A streamlined approach to online linguistic surveys


More and more researchers in linguistics use large-scale experiments to test hypotheses about the data they research, in addition to more traditional informant work. In this paper we describe a new set of free, open-source tools that allow linguists to post studies online, turktools. These tools allow for the creation of a wide range of linguistic tasks, including grammaticality surveys, sentence completion tasks, and picture-matching tasks, allowing for easily implemented large-scale linguistic studies. Our tools further help streamline the design of such experiments and assist in the extraction and analysis of the resulting data. Surveys created using the tools described in this paper can be posted on Amazon’s Mechanical Turk service, a popular crowdsourcing platform that mediates between ‘Requesters’ who can post surveys online and ‘Workers’ who complete them. This allows many linguistic surveys to be completed within hours or days and at relatively low costs. Alternatively, researchers can host these randomized experiments on their own servers using a supplied server-side component.

  1. 1.

    In AMT jargon, these tasks are called Human Intelligence Tasks, or HITs. The organization of linguistic surveys into HITs will be discussed in the Appendix (online).

  2. 2.

    The process of designing an experiment can itself be very valuable. As is often the case, expanding the scope of one’s investigation can lead to interesting findings about the factors that affect the phenomenon in question. Although this goal by itself can be achieved without experimentation, we believe that the exercise of turning a theoretical research question into a testable set of experimental predictions can inform one’s thinking about the problem.

  3. 3.

    Participants in university lab settings often tend to be college students, and hence have a restricted distribution of age, education, and socio-economic status.

  4. 4.

    An anonymous reviewer asks whether there has been a comparison of AMT and lab data for tasks involving timing, for example for Self-Paced Reading. To the best of our knowledge, although there is ongoing work attempting to answer this question (see Tily and Gibson 2015), there are no published results.

  5. 5.

    A screen capture of this map can be found at http://turktools.net/crowdsourcing/.

  6. 6.

    Data collected on April 24, 2013. The vast majority of experiments were on English and restricted IP addresses of workers to within the US. Our experiments request that workers participate in each experiment only once.

  7. 7.

    The only quantitative data cited by Fort et al. (2011) to motivate this concern comes from Little (2009) who reports that, over a 75 day period in their lab at MIT’s Computer Science and Artificial Intelligence Lab, 22 % of their workers completed 80 % of their the tasks that they posted on AMT. However, these tasks are not linguistic experiments that request that workers participate only once per experiment, unlike for the results we report above from the Experimental Syntax-Semantics Lab at MIT.

  8. 8.

    For example, Cowart (1997, 2012) gives practical suggestions for systematically constructing item paradigms in Excel.
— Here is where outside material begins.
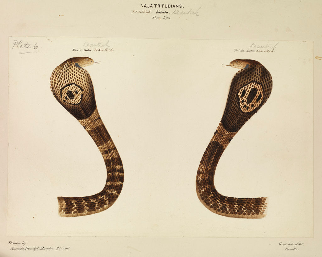 Dual study of Indian cobra heads ('Naja tripudians'), including variant names 'Macrra Keautiah' and 'Tentuliah Keautiah'. The reptiles are noted as being drawn from life. This painting forms plate 4 of 'The Thanatophidia of India: being a description of the venomous snakes of the Indian peninsula, with an account of the influence of their poison on life, and a series of experiments', by Sir Joseph Fayrer FRS (1824-1907), J & A Churchill, London, 1872.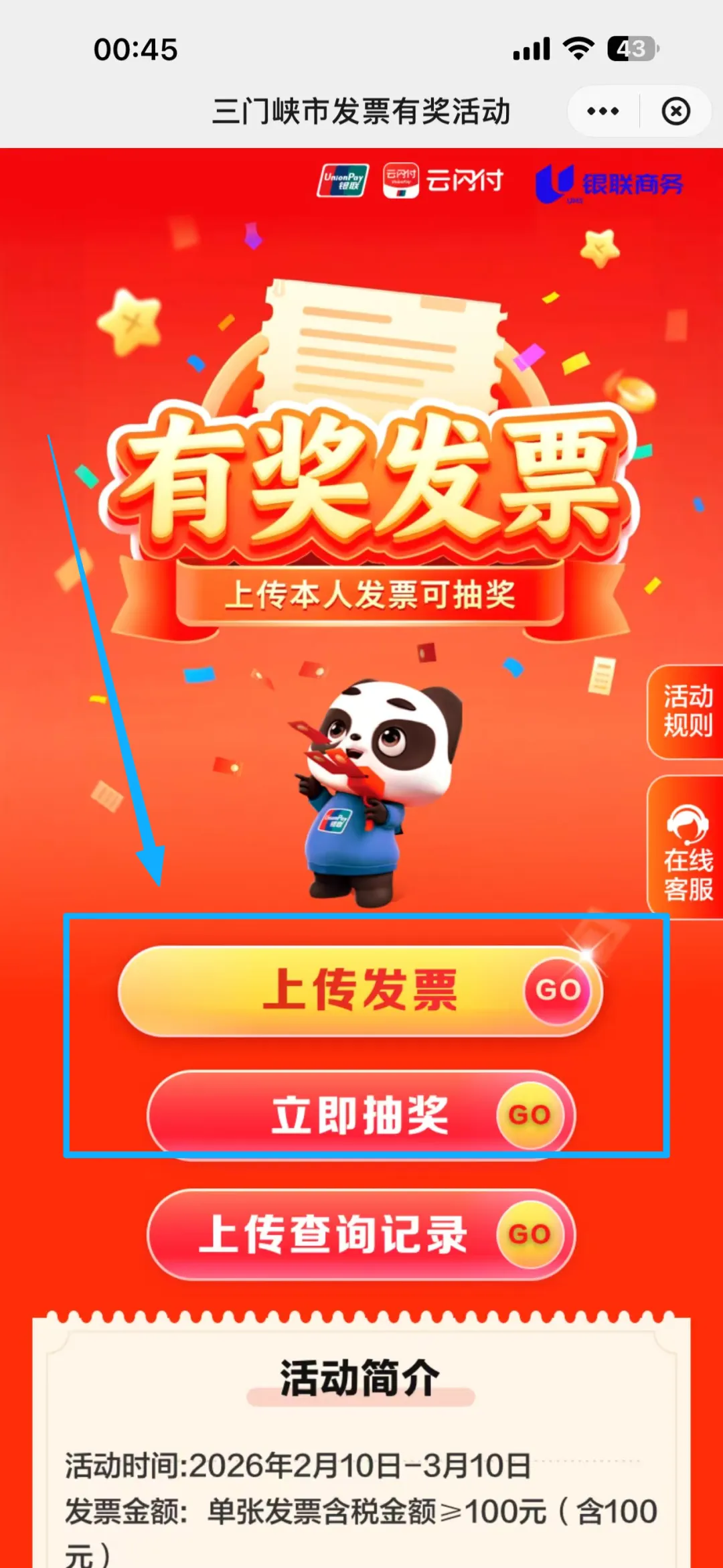 点击上传发票即可上传符合活动要求的发票,上传过后点击【立即抽奖】,即可进行参与抽奖

Myers (2009b) presents MiniJudge, a tool designed to facilitating this process of constructing linguistic stimuli online.

  9. 9.

    Our supplied skeletons support choices introduced with buttons below the sentence, as in Fig. 1, or with a drop-down menu.

  10. 10.

    Some of these modifications require custom JavaScript programming in the template. Our own templates utilize the jQuery JavaScript library (http://jquery.com/), and we recommend its use for such custom programming.

  11. 11.

    Turktools is an ongoing, open-source project. The documentation will be continuously updated as necessary, and we encourage contributions by other users. Details can be found at: http://turktools.net/use/.

  12. 12.

    At the time of writing, these tools require the use of Python 2.6.x or 2.7.x, available at http://python.org. However, the tools described here and their prerequisites and usage are subject to change. Please consult the latest information at http://turktools.net before using these tools.

  13. 13.

    In the interest of space, we do not critically review the Gibson et al. (2011) paper and turkolizer tool.

  14. 14.

    The strengths and increased flexibility of WebExp and Ibex come with a higher technical barrier to entry than turktools, both in terms of experiment creation and in the deployment of their experiments. Both are written as server-side software packages that are designed to run on the researchers’ own servers, configured in a particular way. To recruit participants for WebExp/Ibex experiments on AMT, a simple template is used in AMT to redirect participants to the externally-hosted survey. AMT provides a sample template, called “Survey Link,” for such purposes. An additional step of cross-referencing submissions between the AMT and WebExp/Ibex submission results is then necessary in order to verify experiment participation in order to pay participants on AMT.


For helpful comments and discussion of this paper and the associated tools, we would like to thank Martin Hackl, David Pesetsky, Coppe van Urk, and participants of our 2013 workshop at MIT on designing linguistic experiments for Mechanical Turk. The current paper has also greatly benefited from the feedback of four anonymous NLLT reviewers, as well as the editor Marcel den Dikken. Any and all errors are ours.